The last note drifted away, swallowed up by the whispering surf. A kind of clumsiness came over the dancers as they broke apart, the swell of the music still in their blood but the planked floor flat under their feet. In hushed whispers, the women packed up the empty platters and the cake dishes and put them in baskets. The men went off to the sand hills likely to kick sand over the whiskey bottles, not wanting wives and mothers to know how much they’d drunk. The nuns made the orphans stand in lines of ten so they could count heads, and when they left, it made a sizable hole in the crowd. I wrapped my fiddle in the old pillowcase that I used for such. ‘You did just fine,’ Biff told me. Camp said, ‘Surely did.’ I was still pinking up from that when Oscar came by, a lit cigarette going, and me pulling in that good smell. He took my hand and said, ‘You outshined the boys by a mile.’

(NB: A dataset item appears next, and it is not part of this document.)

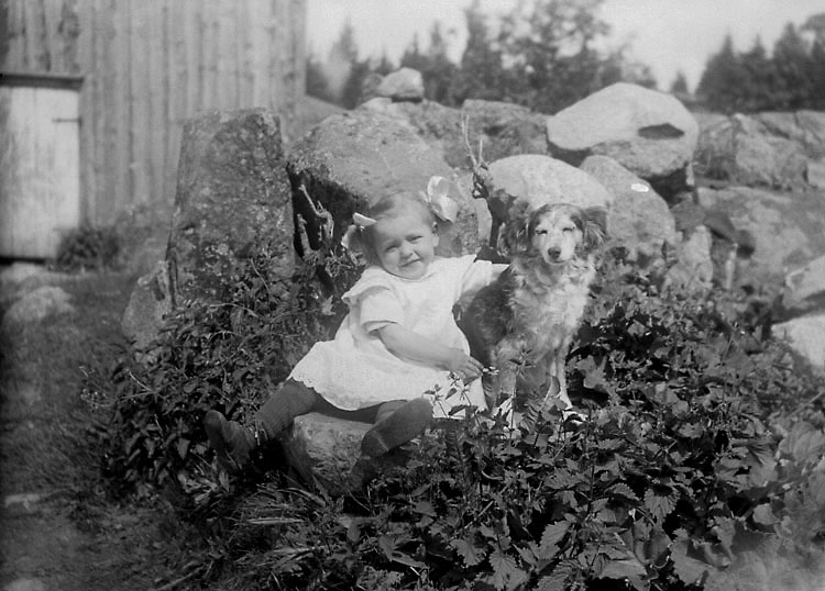 Enligt senare noteringar: "Två småttingar från Röd i Forshälla, (hunden och minsta flickan), 9/7 1916. "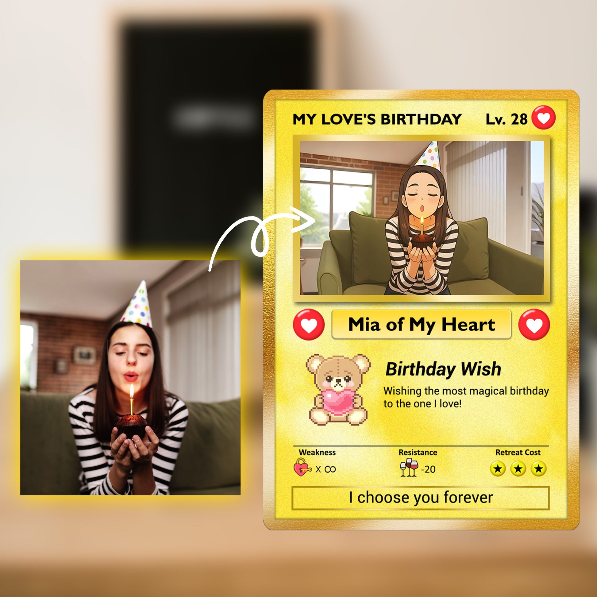 Anime Transformation Personalized Pokemon Card, Birthday Custom Pokemon Card for Couples, Customizable Pokemon Cards for Birthday - CPC-44

It turned me airy, those fingers of his closing over mine. It was just me and Oscar Williams, our hands together. Them green eyes of his, I thought. They carried me to a place I didn’t ever want to leave.
He let go of my hand. There was a coin in my palm. I stared at that coin, warm from his hand but cold and hard all the same. It made me want to say, ‘It ain’t money I’m needing. It ain’t,’ but he had moved on, shaking Biff’s and Camp’s hands just like he’d done mine, likely palming coins. Wages, that was what this was.